Here's a google tech talk on the subject:

http://www.youtube.com/watch?v=-0ErpE8tQbw

Here's a implementation of the highway-hierarchies algorithm as discussed by schultes (currently in berlin only, I'm writing the interface and a mobile version is being developed as well):

http://tom.mapsforge.org/


B
Bill

I've not worked on Google or Microsoft or Yahoo Maps before, so I can't tell you how they work.

However, I did architect a custom supply chain optimization system for an energy company which included a scheduling and routing application for their fleet of trucks. However, our criteria on routing was far more business-specific than where is construction or traffic slows or lane closures.

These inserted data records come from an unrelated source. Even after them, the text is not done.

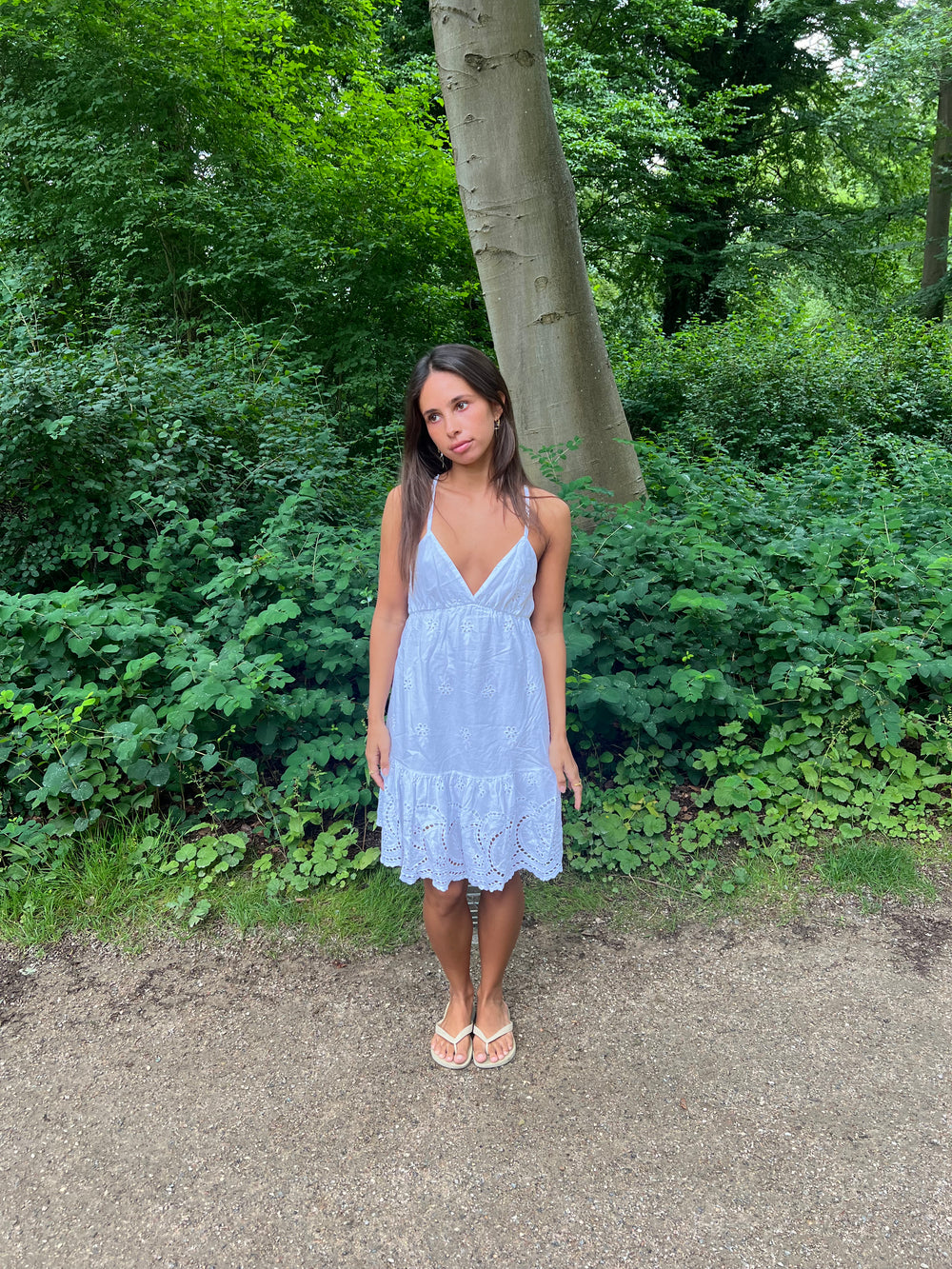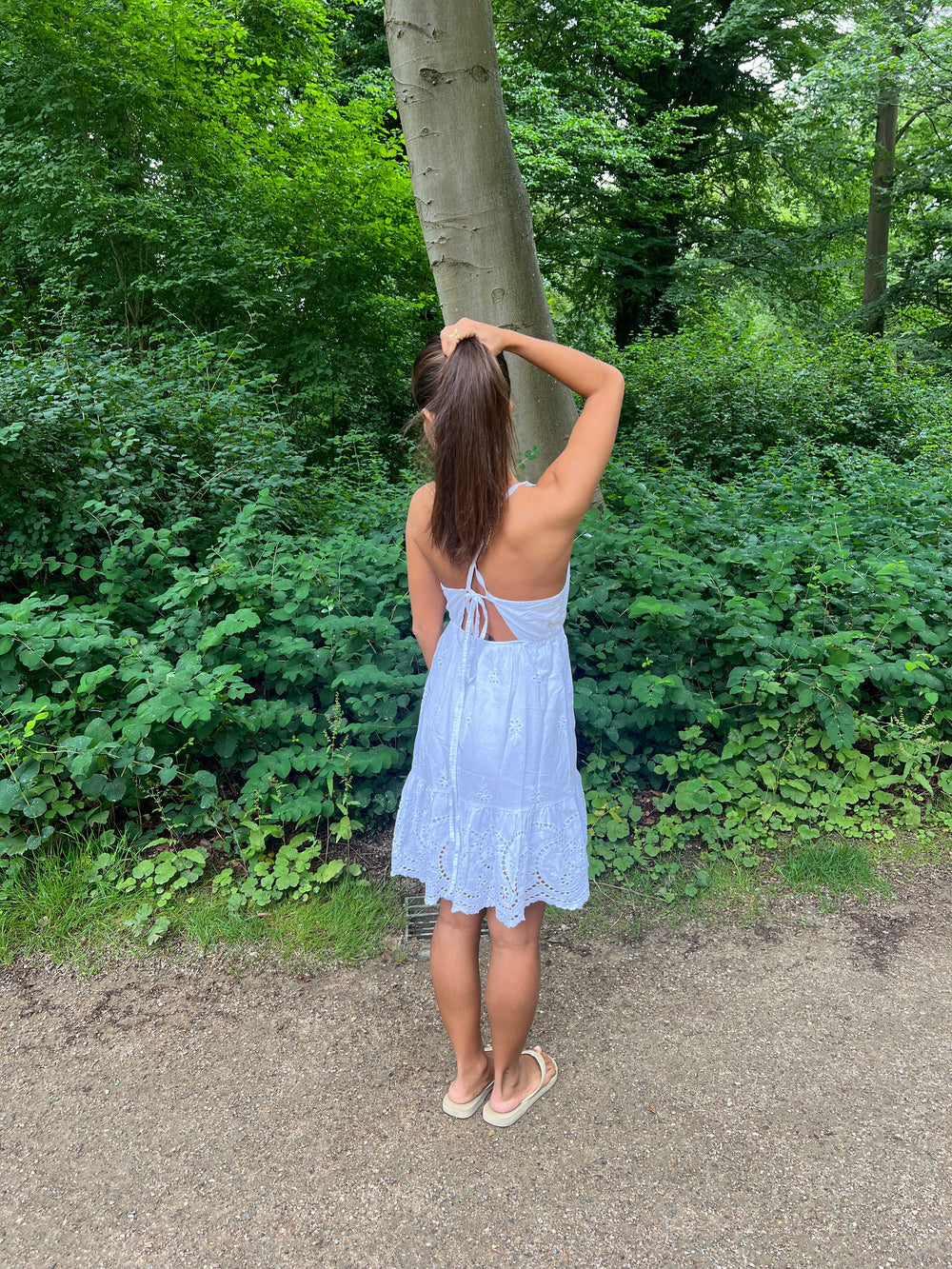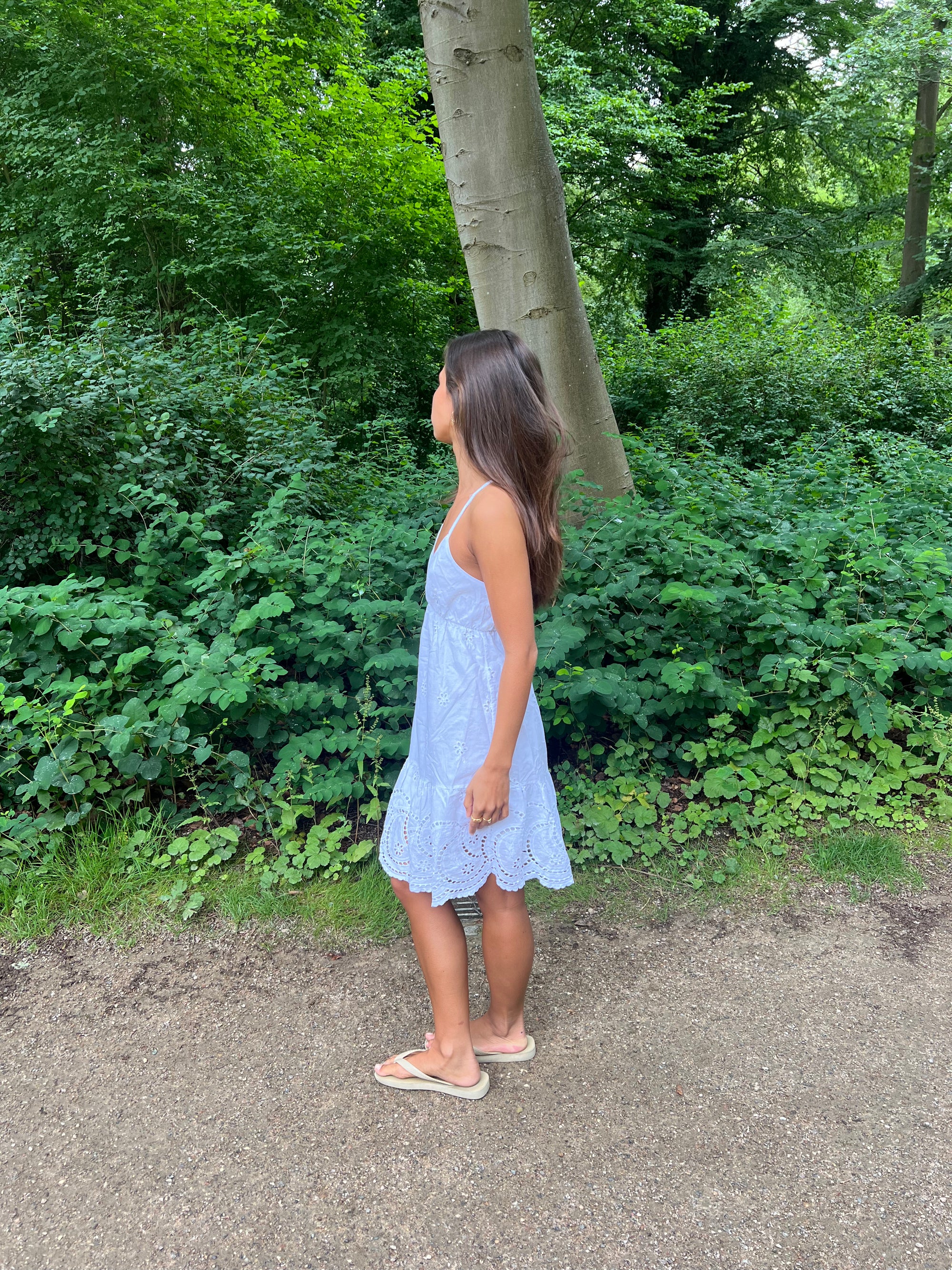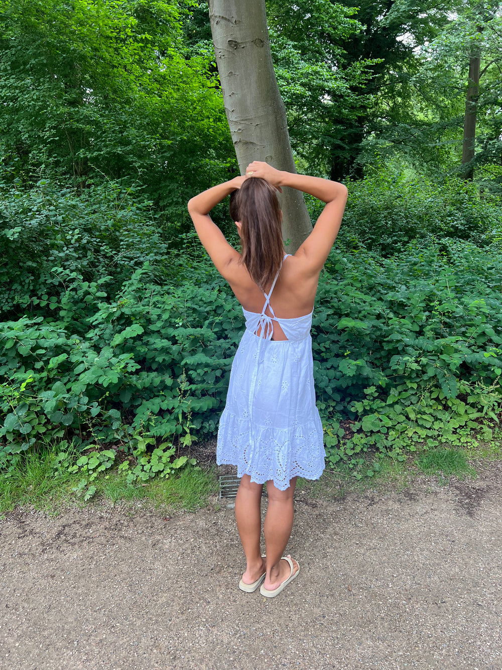 Den fineste broderi kjole i hvid med kort længde. Kjolen har en smuk ryg og tynde stropper. Den har en v-udskæring og fine broderidetaljer i bunden.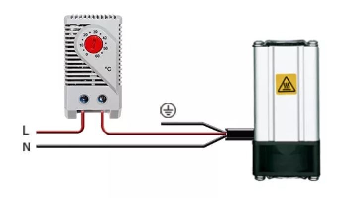 200 Watt PTC varmeelement med vifte. DIN-brakett. 24 Vdc. Temperaturbegrenser. Koble til termostatkontroll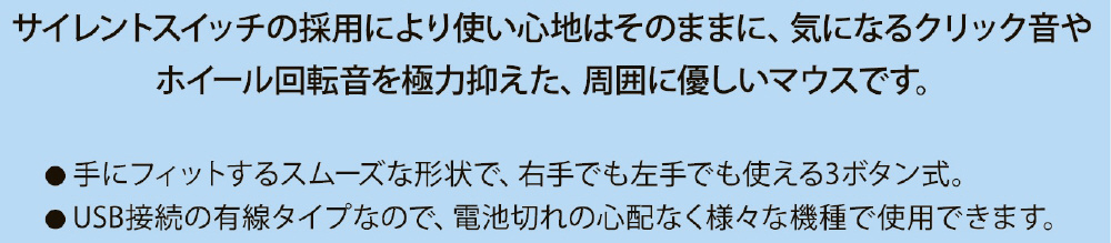 ■サイレントスイッチの採用により使い心地はそのままに、気になるクリック音やホイール回転音を極力抑えた、周囲に優しいマウスです。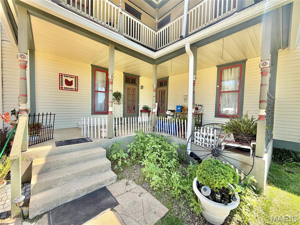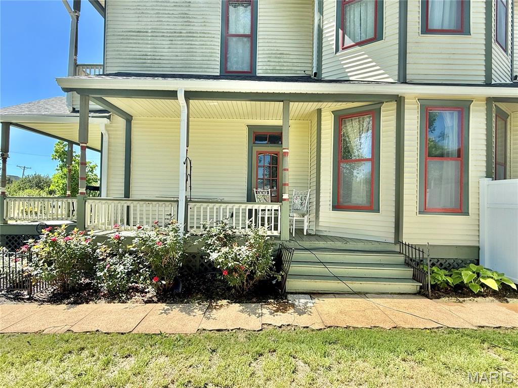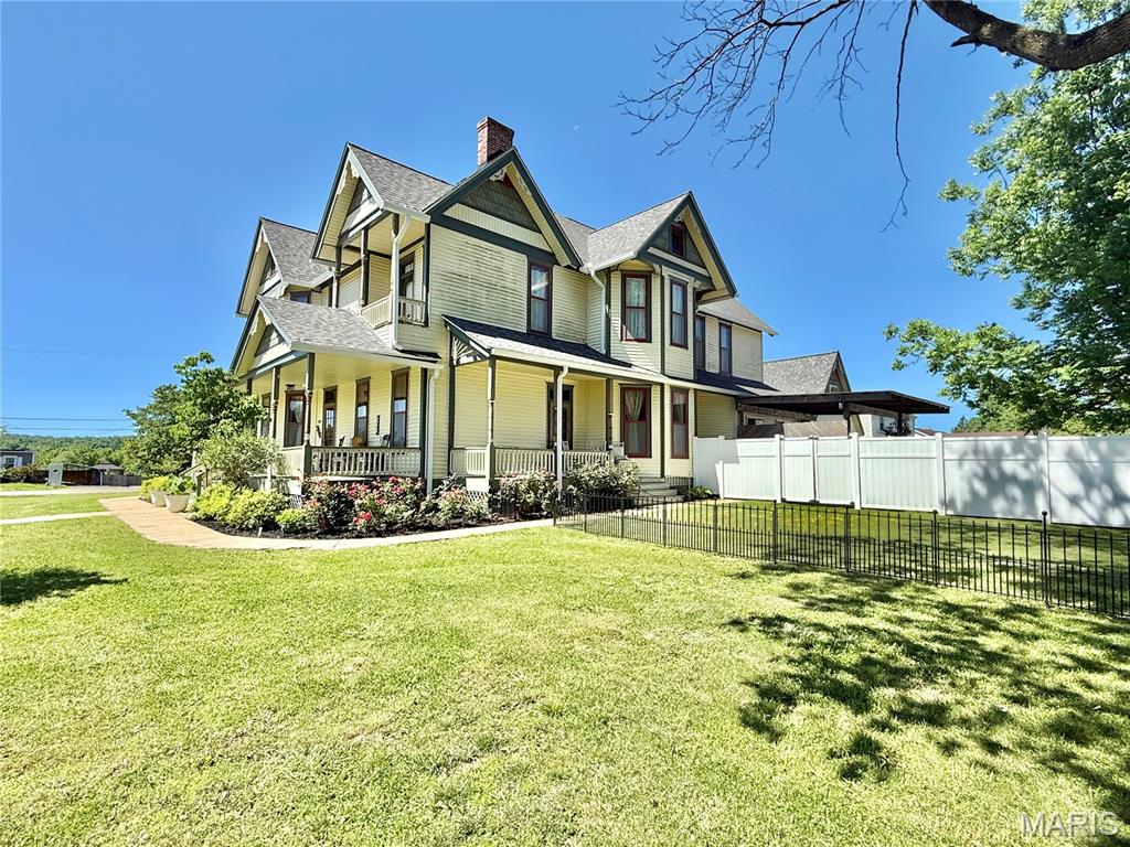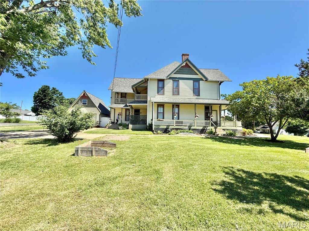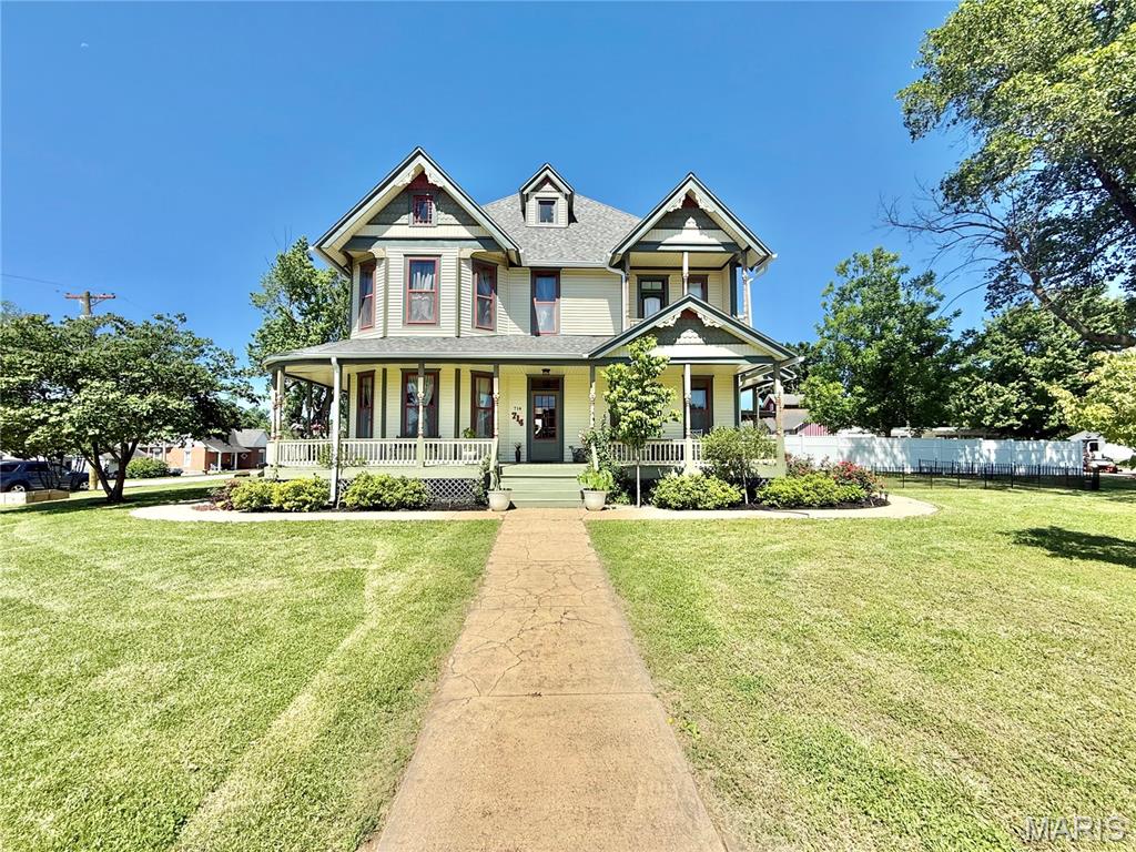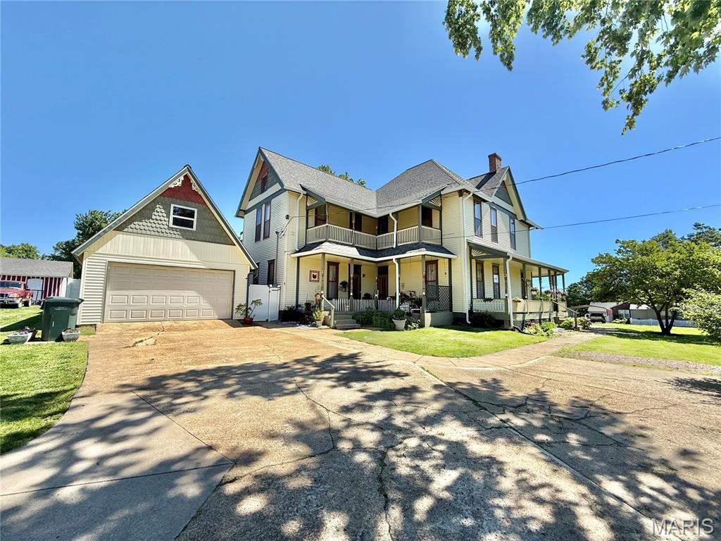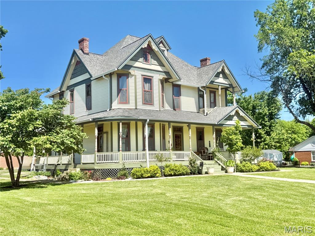 Welcome to this stunning 2-story modern Victorian home, offering timeless elegance and thoughtful updates throughout. This home features over 3500sqft of living space for you and your growing family. Step inside to discover soaring 10-foot ceilings, rich natural hardwood flooring, and exquisite crown molding in every room. The updated kitchen boasts beautiful cabinetry, a large center island, and sleek stainless-steel appliances, while the renovated bathrooms offer style and function. The Primary bedroom offers a modern updated full bath with a walk-in shower. Each spacious bedroom provides comfort and versatility for any lifestyle. Enjoy two fully functional fireplaces in the dining and sitting rooms, perfect for cozy gatherings. Outdoor living shines with a charming wrap-around porch, multiple additional porches, a second-story balcony, and a fenced backyard with a patio—ideal for privacy and entertaining. Situated on a generous 0.66+/- acre lot, there’s ample space for children, pets, or large family gatherings. The detached oversized one-car garage features additional storage in the upstairs attic. Gorgeous landscaping surrounds the home, and a basement provides extra storage or a secure storm shelter. This is truly a dream property blending classic character with modern comfort.

We employed a technique called ACO (Ant colony optimization) to schedule and route trucks. This technique is an AI technique that was applied to the traveling salesman problem to solve routing problems. The trick with ACO is to build an error calculation based upon known facts of the routing so that the graph solving model knows when to quit (when is the error small enough).

You can google ACO or TSP to find more on this technique. I've not used any of the open-source AI tools for this however, so cannot suggest one (though I heard SWARM was pretty comprehensive).


routing != tsp. in tsp you know all the distances and you optimize the stop order - this is not a point to point algo.
B
Barnaby Hussey-Yeo

The current state of the art in terms of query times for static road networks is the Hub labelling algorithm proposed by Abraham et al. http://link.springer.com/chapter/10.1007/978-3-642-20662-7_20 . A through and excellently written survey of the field was recently published as a Microsoft technical report http://research.microsoft.com/pubs/207102/MSR-TR-2014-4.pdf .

The short version is...

The Hub labelling algorithm provides the fastest queries for static road networks but requires a large amount of ram to run (18 GiB).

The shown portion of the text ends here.